### Available data ###

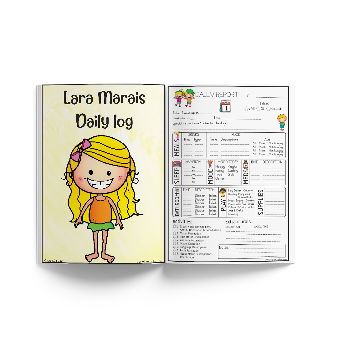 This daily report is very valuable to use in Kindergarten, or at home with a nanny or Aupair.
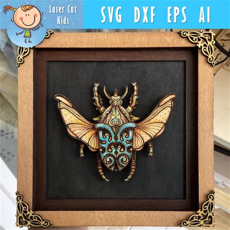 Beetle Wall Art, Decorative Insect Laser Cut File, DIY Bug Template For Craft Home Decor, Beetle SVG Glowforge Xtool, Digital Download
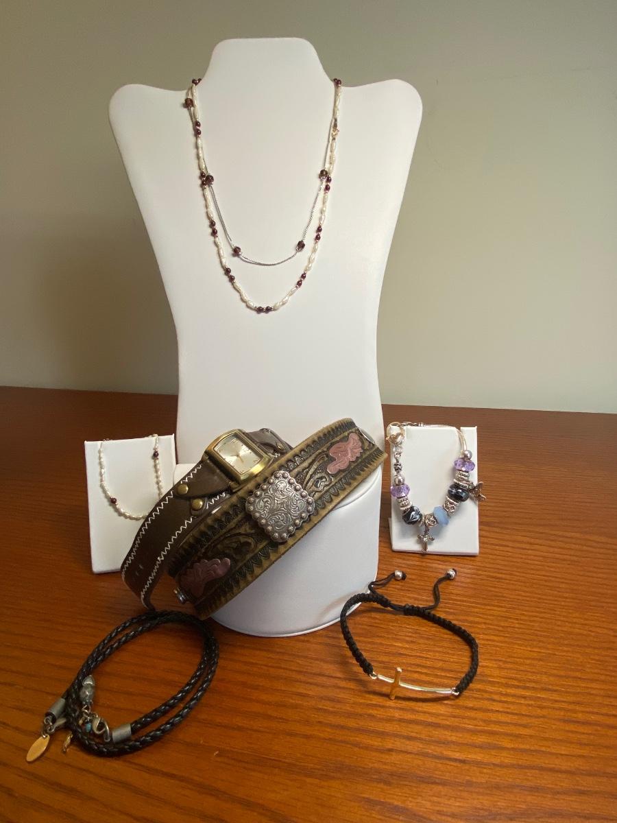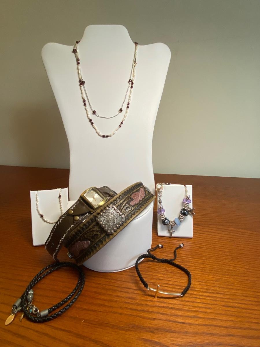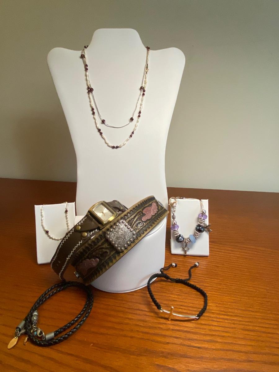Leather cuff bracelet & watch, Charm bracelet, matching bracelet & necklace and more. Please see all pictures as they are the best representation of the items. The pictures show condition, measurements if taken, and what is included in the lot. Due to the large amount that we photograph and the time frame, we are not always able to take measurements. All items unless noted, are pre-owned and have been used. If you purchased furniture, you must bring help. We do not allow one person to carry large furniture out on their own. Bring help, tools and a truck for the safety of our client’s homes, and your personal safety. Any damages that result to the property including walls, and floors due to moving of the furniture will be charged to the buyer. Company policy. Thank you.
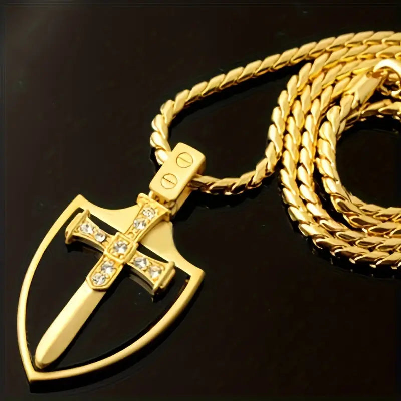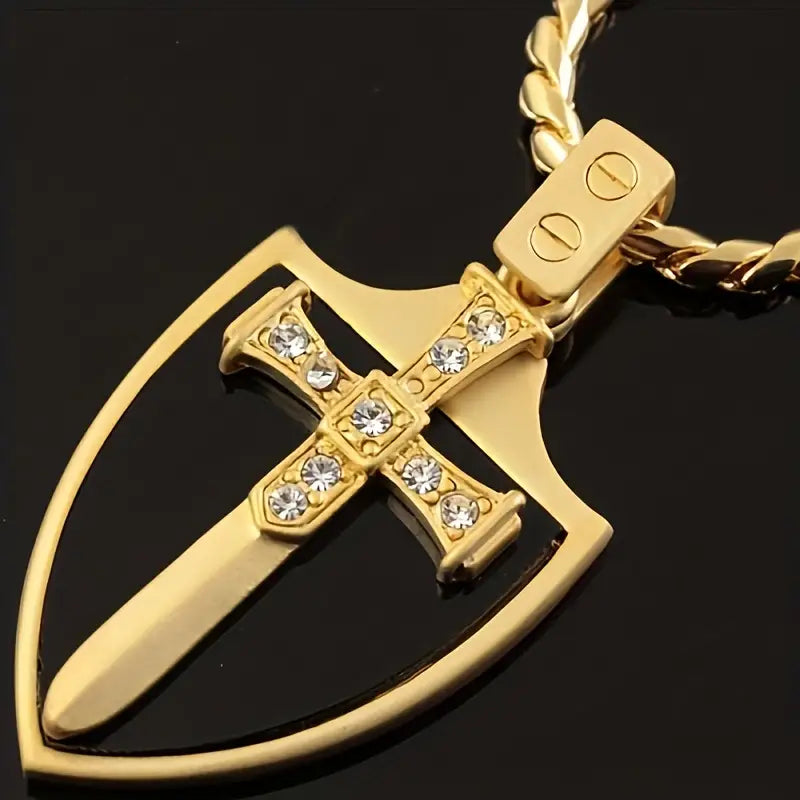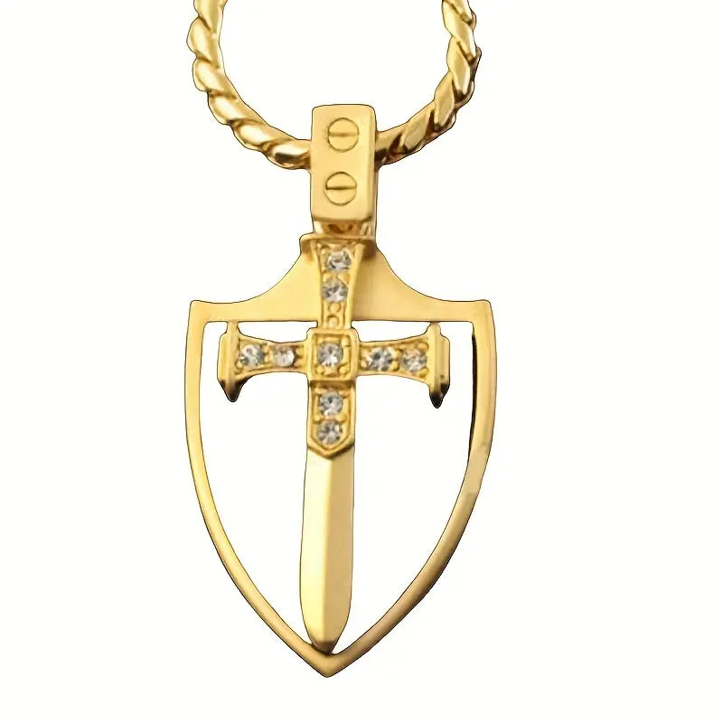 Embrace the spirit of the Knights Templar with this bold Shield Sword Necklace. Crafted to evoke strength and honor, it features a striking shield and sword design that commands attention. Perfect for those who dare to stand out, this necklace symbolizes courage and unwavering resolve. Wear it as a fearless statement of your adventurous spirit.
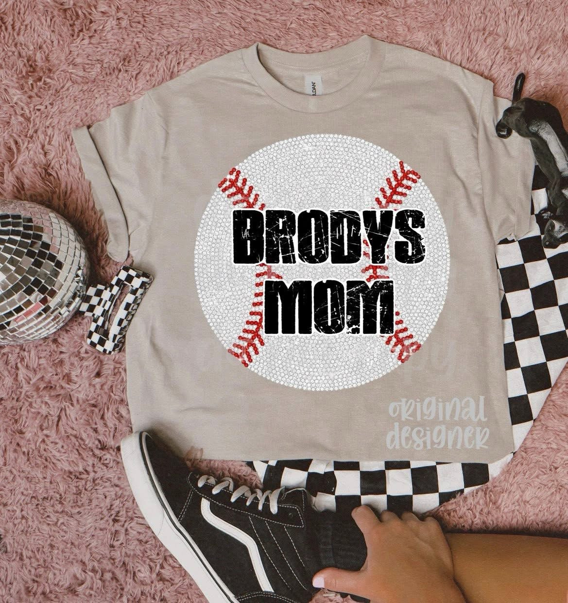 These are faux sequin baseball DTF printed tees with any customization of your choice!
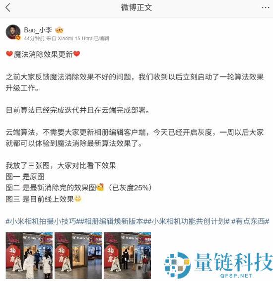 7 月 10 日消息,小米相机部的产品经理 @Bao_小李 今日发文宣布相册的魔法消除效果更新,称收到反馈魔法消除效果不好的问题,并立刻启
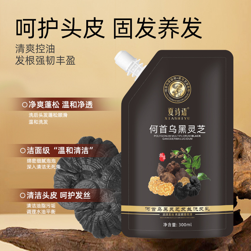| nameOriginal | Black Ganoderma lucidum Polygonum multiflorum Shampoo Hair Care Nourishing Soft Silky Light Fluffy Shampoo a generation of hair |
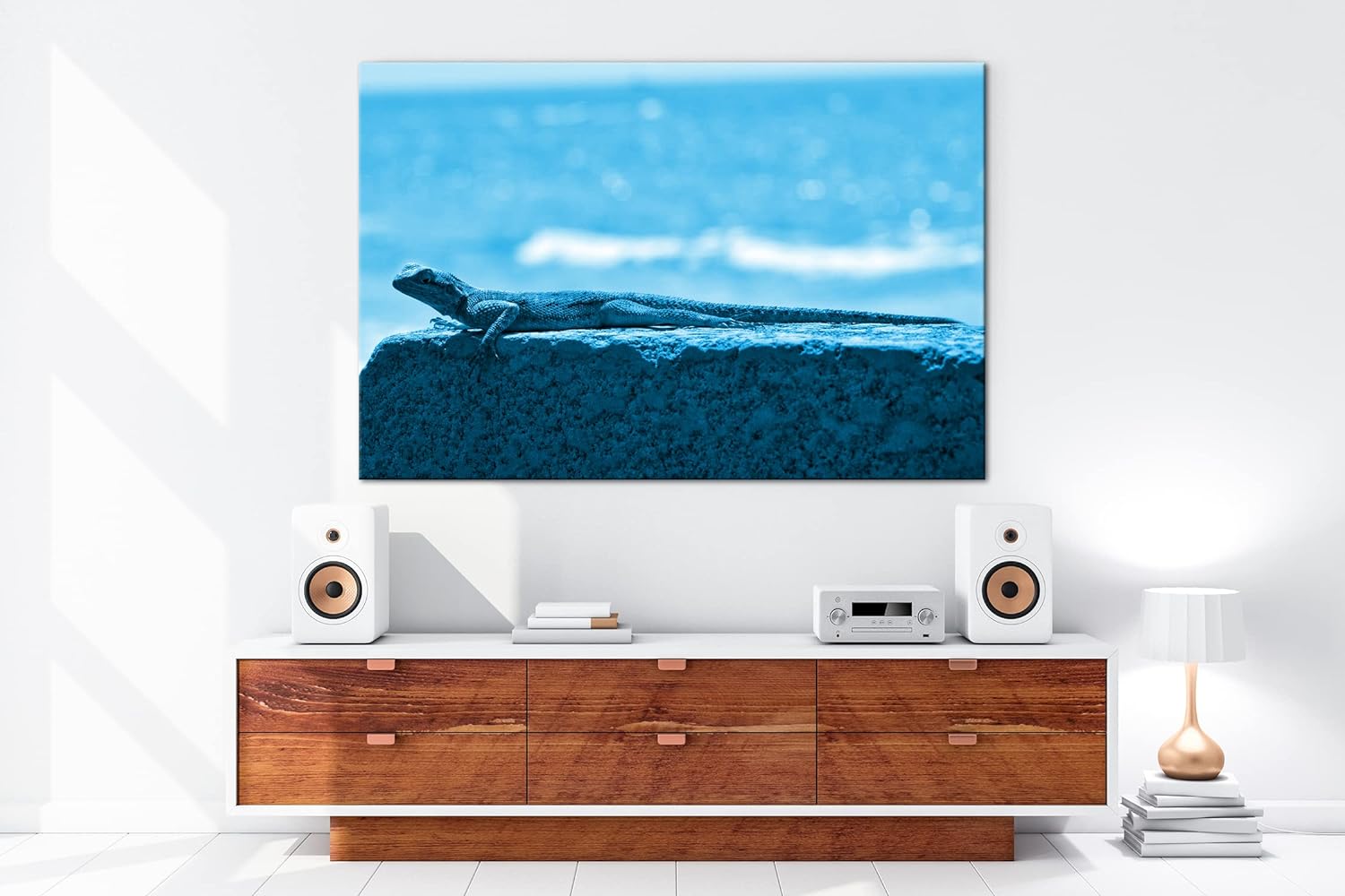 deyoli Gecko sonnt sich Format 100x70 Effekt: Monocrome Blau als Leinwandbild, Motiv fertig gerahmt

###

Please print the lines above exactly, beginning at the first line of the entries and ending at the line holding "generation of hair |", and leave the pictures out.

 This daily report is very valuable to use in Kindergarten, or at home with a nanny or Aupair.
 Beetle Wall Art, Decorative Insect Laser Cut File, DIY Bug Template For Craft Home Decor, Beetle SVG Glowforge Xtool, Digital Download
Leather cuff bracelet & watch, Charm bracelet, matching bracelet & necklace and more. Please see all pictures as they are the best representation of the items. The pictures show condition, measurements if taken, and what is included in the lot. Due to the large amount that we photograph and the time frame, we are not always able to take measurements. All items unless noted, are pre-owned and have been used. If you purchased furniture, you must bring help. We do not allow one person to carry large furniture out on their own. Bring help, tools and a truck for the safety of our client’s homes, and your personal safety. Any damages that result to the property including walls, and floors due to moving of the furniture will be charged to the buyer. Company policy. Thank you.
 Embrace the spirit of the Knights Templar with this bold Shield Sword Necklace. Crafted to evoke strength and honor, it features a striking shield and sword design that commands attention. Perfect for those who dare to stand out, this necklace symbolizes courage and unwavering resolve. Wear it as a fearless statement of your adventurous spirit.
 These are faux sequin baseball DTF printed tees with any customization of your choice!
 7 月 10 日消息,小米相机部的产品经理 @Bao_小李 今日发文宣布相册的魔法消除效果更新,称收到反馈魔法消除效果不好的问题,并立刻启
| nameOriginal | Black Ganoderma lucidum Polygonum multiflorum Shampoo Hair Care Nourishing Soft Silky Light Fluffy Shampoo a generation of hair |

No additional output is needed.